Provided data Start Marker

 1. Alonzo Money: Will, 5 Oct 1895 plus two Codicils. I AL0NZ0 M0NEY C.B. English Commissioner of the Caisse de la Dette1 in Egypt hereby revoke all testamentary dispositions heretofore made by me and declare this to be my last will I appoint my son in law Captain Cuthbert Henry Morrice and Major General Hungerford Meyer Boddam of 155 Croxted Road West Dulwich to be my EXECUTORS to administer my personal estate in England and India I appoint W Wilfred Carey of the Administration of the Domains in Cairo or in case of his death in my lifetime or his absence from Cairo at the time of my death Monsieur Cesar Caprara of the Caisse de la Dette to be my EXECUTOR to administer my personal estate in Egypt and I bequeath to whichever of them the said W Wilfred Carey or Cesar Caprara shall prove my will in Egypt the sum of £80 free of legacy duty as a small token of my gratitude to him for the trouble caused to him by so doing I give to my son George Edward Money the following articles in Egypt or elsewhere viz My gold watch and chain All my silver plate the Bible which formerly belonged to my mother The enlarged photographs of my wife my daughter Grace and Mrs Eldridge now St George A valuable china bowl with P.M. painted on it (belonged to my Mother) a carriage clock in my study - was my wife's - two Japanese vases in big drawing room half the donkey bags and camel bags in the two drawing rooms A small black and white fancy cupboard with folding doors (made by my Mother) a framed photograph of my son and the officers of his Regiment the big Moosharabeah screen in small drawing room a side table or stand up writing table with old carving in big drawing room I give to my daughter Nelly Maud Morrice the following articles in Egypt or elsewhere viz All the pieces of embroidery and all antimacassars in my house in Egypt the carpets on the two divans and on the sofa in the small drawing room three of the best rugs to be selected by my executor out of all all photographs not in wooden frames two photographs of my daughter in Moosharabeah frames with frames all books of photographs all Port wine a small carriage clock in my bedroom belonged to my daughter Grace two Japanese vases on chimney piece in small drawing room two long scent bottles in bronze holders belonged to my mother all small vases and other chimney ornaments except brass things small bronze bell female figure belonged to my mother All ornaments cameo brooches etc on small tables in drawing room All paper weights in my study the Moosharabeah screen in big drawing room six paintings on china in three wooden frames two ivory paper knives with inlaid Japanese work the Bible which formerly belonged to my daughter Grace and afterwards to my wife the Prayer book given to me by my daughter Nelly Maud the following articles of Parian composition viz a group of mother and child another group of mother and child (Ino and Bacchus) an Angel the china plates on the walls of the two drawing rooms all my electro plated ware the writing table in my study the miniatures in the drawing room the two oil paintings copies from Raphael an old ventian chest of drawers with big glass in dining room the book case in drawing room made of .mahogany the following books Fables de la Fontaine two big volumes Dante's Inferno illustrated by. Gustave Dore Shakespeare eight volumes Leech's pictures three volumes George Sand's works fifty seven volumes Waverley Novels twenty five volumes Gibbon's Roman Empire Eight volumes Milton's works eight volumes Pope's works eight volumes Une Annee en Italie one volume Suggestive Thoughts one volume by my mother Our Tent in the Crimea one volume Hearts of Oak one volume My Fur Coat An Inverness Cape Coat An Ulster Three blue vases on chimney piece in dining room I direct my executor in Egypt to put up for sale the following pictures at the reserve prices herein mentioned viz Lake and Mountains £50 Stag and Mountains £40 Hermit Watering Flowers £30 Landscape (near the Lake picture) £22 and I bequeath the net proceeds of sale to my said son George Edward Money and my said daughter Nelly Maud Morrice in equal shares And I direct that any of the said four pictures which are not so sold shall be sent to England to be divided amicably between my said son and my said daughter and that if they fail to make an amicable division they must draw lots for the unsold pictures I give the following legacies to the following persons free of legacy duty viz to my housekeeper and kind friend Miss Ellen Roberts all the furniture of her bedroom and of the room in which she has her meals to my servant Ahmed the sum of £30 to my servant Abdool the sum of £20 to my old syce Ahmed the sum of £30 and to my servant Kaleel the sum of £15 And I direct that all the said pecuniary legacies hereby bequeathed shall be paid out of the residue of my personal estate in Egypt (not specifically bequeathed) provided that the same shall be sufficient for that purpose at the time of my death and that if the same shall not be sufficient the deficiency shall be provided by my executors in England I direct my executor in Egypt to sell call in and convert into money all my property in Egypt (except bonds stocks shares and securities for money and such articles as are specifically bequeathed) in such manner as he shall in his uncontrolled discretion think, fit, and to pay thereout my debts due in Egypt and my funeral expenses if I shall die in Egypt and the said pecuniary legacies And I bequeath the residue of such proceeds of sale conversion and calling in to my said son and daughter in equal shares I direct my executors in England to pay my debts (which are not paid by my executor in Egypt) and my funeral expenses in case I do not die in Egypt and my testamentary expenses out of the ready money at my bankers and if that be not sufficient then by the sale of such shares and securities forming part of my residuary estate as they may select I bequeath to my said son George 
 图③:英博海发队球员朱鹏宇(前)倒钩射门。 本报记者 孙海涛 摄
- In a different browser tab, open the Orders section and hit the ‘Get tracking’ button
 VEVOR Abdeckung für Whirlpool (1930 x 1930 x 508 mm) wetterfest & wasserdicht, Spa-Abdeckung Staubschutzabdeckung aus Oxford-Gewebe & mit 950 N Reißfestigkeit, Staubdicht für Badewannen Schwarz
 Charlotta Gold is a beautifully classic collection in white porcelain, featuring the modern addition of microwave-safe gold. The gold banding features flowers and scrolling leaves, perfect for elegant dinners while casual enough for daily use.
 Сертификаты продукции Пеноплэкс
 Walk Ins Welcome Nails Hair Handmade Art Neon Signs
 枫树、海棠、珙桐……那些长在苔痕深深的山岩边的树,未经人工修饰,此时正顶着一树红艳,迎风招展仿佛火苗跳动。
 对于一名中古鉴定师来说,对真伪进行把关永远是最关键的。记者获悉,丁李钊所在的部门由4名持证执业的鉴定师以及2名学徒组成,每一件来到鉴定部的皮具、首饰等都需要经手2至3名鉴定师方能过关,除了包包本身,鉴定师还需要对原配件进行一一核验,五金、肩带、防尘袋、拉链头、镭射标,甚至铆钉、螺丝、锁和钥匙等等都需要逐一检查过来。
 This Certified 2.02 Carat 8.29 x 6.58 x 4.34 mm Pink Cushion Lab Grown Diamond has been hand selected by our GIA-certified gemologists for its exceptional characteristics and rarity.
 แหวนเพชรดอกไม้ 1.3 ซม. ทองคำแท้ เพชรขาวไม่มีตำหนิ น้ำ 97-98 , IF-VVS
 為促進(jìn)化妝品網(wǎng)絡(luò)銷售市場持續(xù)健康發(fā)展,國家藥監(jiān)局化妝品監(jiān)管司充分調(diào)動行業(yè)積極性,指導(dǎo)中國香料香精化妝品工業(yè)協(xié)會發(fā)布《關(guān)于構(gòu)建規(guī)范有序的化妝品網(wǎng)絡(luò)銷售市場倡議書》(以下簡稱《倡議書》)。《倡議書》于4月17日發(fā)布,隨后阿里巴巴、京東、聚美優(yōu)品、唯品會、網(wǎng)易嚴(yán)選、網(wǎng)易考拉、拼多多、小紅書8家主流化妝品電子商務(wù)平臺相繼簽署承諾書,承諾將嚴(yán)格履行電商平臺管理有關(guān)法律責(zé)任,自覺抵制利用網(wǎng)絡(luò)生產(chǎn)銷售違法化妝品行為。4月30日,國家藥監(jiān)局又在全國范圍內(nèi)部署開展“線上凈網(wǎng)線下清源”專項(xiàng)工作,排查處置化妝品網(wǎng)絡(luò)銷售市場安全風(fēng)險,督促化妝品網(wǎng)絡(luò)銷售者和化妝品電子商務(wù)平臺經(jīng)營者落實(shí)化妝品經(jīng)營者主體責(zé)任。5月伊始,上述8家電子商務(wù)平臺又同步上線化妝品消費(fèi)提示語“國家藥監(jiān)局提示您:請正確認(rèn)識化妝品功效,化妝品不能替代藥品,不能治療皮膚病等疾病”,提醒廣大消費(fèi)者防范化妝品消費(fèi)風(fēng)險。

Provided data End Marker

**Description of the task**
The full listing should be duplicated exactly, line by line.

**Solution to the problem**
 1. Alonzo Money: Will, 5 Oct 1895 plus two Codicils. I AL0NZ0 M0NEY C.B. English Commissioner of the Caisse de la Dette1 in Egypt hereby revoke all testamentary dispositions heretofore made by me and declare this to be my last will I appoint my son in law Captain Cuthbert Henry Morrice and Major General Hungerford Meyer Boddam of 155 Croxted Road West Dulwich to be my EXECUTORS to administer my personal estate in England and India I appoint W Wilfred Carey of the Administration of the Domains in Cairo or in case of his death in my lifetime or his absence from Cairo at the time of my death Monsieur Cesar Caprara of the Caisse de la Dette to be my EXECUTOR to administer my personal estate in Egypt and I bequeath to whichever of them the said W Wilfred Carey or Cesar Caprara shall prove my will in Egypt the sum of £80 free of legacy duty as a small token of my gratitude to him for the trouble caused to him by so doing I give to my son George Edward Money the following articles in Egypt or elsewhere viz My gold watch and chain All my silver plate the Bible which formerly belonged to my mother The enlarged photographs of my wife my daughter Grace and Mrs Eldridge now St George A valuable china bowl with P.M. painted on it (belonged to my Mother) a carriage clock in my study - was my wife's - two Japanese vases in big drawing room half the donkey bags and camel bags in the two drawing rooms A small black and white fancy cupboard with folding doors (made by my Mother) a framed photograph of my son and the officers of his Regiment the big Moosharabeah screen in small drawing room a side table or stand up writing table with old carving in big drawing room I give to my daughter Nelly Maud Morrice the following articles in Egypt or elsewhere viz All the pieces of embroidery and all antimacassars in my house in Egypt the carpets on the two divans and on the sofa in the small drawing room three of the best rugs to be selected by my executor out of all all photographs not in wooden frames two photographs of my daughter in Moosharabeah frames with frames all books of photographs all Port wine a small carriage clock in my bedroom belonged to my daughter Grace two Japanese vases on chimney piece in small drawing room two long scent bottles in bronze holders belonged to my mother all small vases and other chimney ornaments except brass things small bronze bell female figure belonged to my mother All ornaments cameo brooches etc on small tables in drawing room All paper weights in my study the Moosharabeah screen in big drawing room six paintings on china in three wooden frames two ivory paper knives with inlaid Japanese work the Bible which formerly belonged to my daughter Grace and afterwards to my wife the Prayer book given to me by my daughter Nelly Maud the following articles of Parian composition viz a group of mother and child another group of mother and child (Ino and Bacchus) an Angel the china plates on the walls of the two drawing rooms all my electro plated ware the writing table in my study the miniatures in the drawing room the two oil paintings copies from Raphael an old ventian chest of drawers with big glass in dining room the book case in drawing room made of .mahogany the following books Fables de la Fontaine two big volumes Dante's Inferno illustrated by. Gustave Dore Shakespeare eight volumes Leech's pictures three volumes George Sand's works fifty seven volumes Waverley Novels twenty five volumes Gibbon's Roman Empire Eight volumes Milton's works eight volumes Pope's works eight volumes Une Annee en Italie one volume Suggestive Thoughts one volume by my mother Our Tent in the Crimea one volume Hearts of Oak one volume My Fur Coat An Inverness Cape Coat An Ulster Three blue vases on chimney piece in dining room I direct my executor in Egypt to put up for sale the following pictures at the reserve prices herein mentioned viz Lake and Mountains £50 Stag and Mountains £40 Hermit Watering Flowers £30 Landscape (near the Lake picture) £22 and I bequeath the net proceeds of sale to my said son George Edward Money and my said daughter Nelly Maud Morrice in equal shares And I direct that any of the said four pictures which are not so sold shall be sent to England to be divided amicably between my said son and my said daughter and that if they fail to make an amicable division they must draw lots for the unsold pictures I give the following legacies to the following persons free of legacy duty viz to my housekeeper and kind friend Miss Ellen Roberts all the furniture of her bedroom and of the room in which she has her meals to my servant Ahmed the sum of £30 to my servant Abdool the sum of £20 to my old syce Ahmed the sum of £30 and to my servant Kaleel the sum of £15 And I direct that all the said pecuniary legacies hereby bequeathed shall be paid out of the residue of my personal estate in Egypt (not specifically bequeathed) provided that the same shall be sufficient for that purpose at the time of my death and that if the same shall not be sufficient the deficiency shall be provided by my executors in England I direct my executor in Egypt to sell call in and convert into money all my property in Egypt (except bonds stocks shares and securities for money and such articles as are specifically bequeathed) in such manner as he shall in his uncontrolled discretion think, fit, and to pay thereout my debts due in Egypt and my funeral expenses if I shall die in Egypt and the said pecuniary legacies And I bequeath the residue of such proceeds of sale conversion and calling in to my said son and daughter in equal shares I direct my executors in England to pay my debts (which are not paid by my executor in Egypt) and my funeral expenses in case I do not die in Egypt and my testamentary expenses out of the ready money at my bankers and if that be not sufficient then by the sale of such shares and securities forming part of my residuary estate as they may select I bequeath to my said son George 
 图③:英博海发队球员朱鹏宇(前)倒钩射门。 本报记者 孙海涛 摄
- In a different browser tab, open the Orders section and hit the ‘Get tracking’ button
 VEVOR Abdeckung für Whirlpool (1930 x 1930 x 508 mm) wetterfest & wasserdicht, Spa-Abdeckung Staubschutzabdeckung aus Oxford-Gewebe & mit 950 N Reißfestigkeit, Staubdicht für Badewannen Schwarz
 Charlotta Gold is a beautifully classic collection in white porcelain, featuring the modern addition of microwave-safe gold. The gold banding features flowers and scrolling leaves, perfect for elegant dinners while casual enough for daily use.
 Сертификаты продукции Пеноплэкс
 Walk Ins Welcome Nails Hair Handmade Art Neon Signs
 枫树、海棠、珙桐……那些长在苔痕深深的山岩边的树,未经人工修饰,此时正顶着一树红艳,迎风招展仿佛火苗跳动。
 对于一名中古鉴定师来说,对真伪进行把关永远是最关键的。记者获悉,丁李钊所在的部门由4名持证执业的鉴定师以及2名学徒组成,每一件来到鉴定部的皮具、首饰等都需要经手2至3名鉴定师方能过关,除了包包本身,鉴定师还需要对原配件进行一一核验,五金、肩带、防尘袋、拉链头、镭射标,甚至铆钉、螺丝、锁和钥匙等等都需要逐一检查过来。
 This Certified 2.02 Carat 8.29 x 6.58 x 4.34 mm Pink Cushion Lab Grown Diamond has been hand selected by our GIA-certified gemologists for its exceptional characteristics and rarity.
 แหวนเพชรดอกไม้ 1.3 ซม. ทองคำแท้ เพชรขาวไม่มีตำหนิ น้ำ 97-98 , IF-VVS
 為促進(jìn)化妝品網(wǎng)絡(luò)銷售市場持續(xù)健康發(fā)展,國家藥監(jiān)局化妝品監(jiān)管司充分調(diào)動行業(yè)積極性,指導(dǎo)中國香料香精化妝品工業(yè)協(xié)會發(fā)布《關(guān)于構(gòu)建規(guī)范有序的化妝品網(wǎng)絡(luò)銷售市場倡議書》(以下簡稱《倡議書》)。《倡議書》于4月17日發(fā)布,隨后阿里巴巴、京東、聚美優(yōu)品、唯品會、網(wǎng)易嚴(yán)選、網(wǎng)易考拉、拼多多、小紅書8家主流化妝品電子商務(wù)平臺相繼簽署承諾書,承諾將嚴(yán)格履行電商平臺管理有關(guān)法律責(zé)任,自覺抵制利用網(wǎng)絡(luò)生產(chǎn)銷售違法化妝品行為。4月30日,國家藥監(jiān)局又在全國范圍內(nèi)部署開展“線上凈網(wǎng)線下清源”專項(xiàng)工作,排查處置化妝品網(wǎng)絡(luò)銷售市場安全風(fēng)險,督促化妝品網(wǎng)絡(luò)銷售者和化妝品電子商務(wù)平臺經(jīng)營者落實(shí)化妝品經(jīng)營者主體責(zé)任。5月伊始,上述8家電子商務(wù)平臺又同步上線化妝品消費(fèi)提示語“國家藥監(jiān)局提示您:請正確認(rèn)識化妝品功效,化妝品不能替代藥品,不能治療皮膚病等疾病”,提醒廣大消費(fèi)者防范化妝品消費(fèi)風(fēng)險。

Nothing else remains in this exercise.